I felt at home with that, for she had broad shoulders and a deep voice. But really, just as Bob said, she was a woman in a man's body. She didn't belong there.
"Is Cookie a man too?" I asked, supposing I knew the answer.
"No...not anymore. She had an operation."
"Oh," I paused. I was getting comfortable with that fact too--a changeover. Yet, I had trouble sorting things out every time Mickie shimmied her shoulders at a man. Let's see--she is gay, so you expect her to flirt and lean on the bar with other women since she's a wom--oops. She's a man, she's a man, she's a gay man, so she flirts with the men at the bar. But she looks like a woman flirting with a man, for she is more a woman than she is a man. And a "woman" naturally tosses her head of hair, winks, and speaks in a low, sexy voice to a "man." Everything looks fine. Like adding two negative numbers and coming up with a positive one, it is confusing but it all makes sense.
BY 5 A.M. the last blues set was over and the place was getting empty.
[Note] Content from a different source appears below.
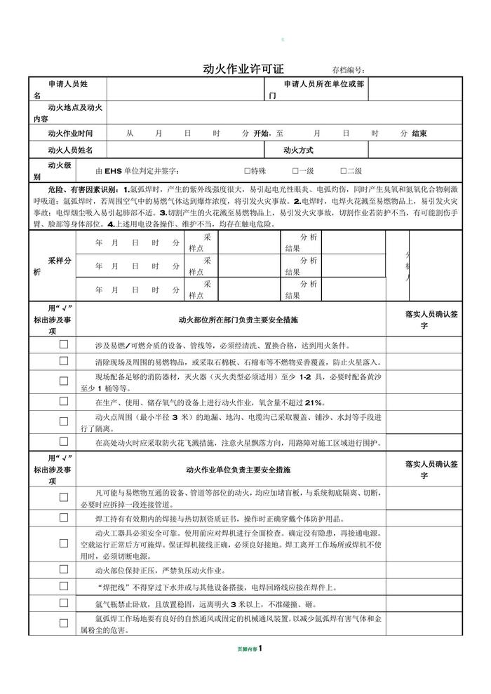 動(dòng)火作業(yè)許可證(修訂版)doc

Only the most convincing queens and a few prostitutes sipping orange juice remained: a room full of "women" and "girls." Soon even they disappeared to some unknown corner. Big Bill and Mickie sat at the bar counting money and empty bottles. As I wiped the bar down, a two inch cockroach crawled over it. I started to kill it, but Bill stopped me. "Leave it alone. They watch the place when we're gone."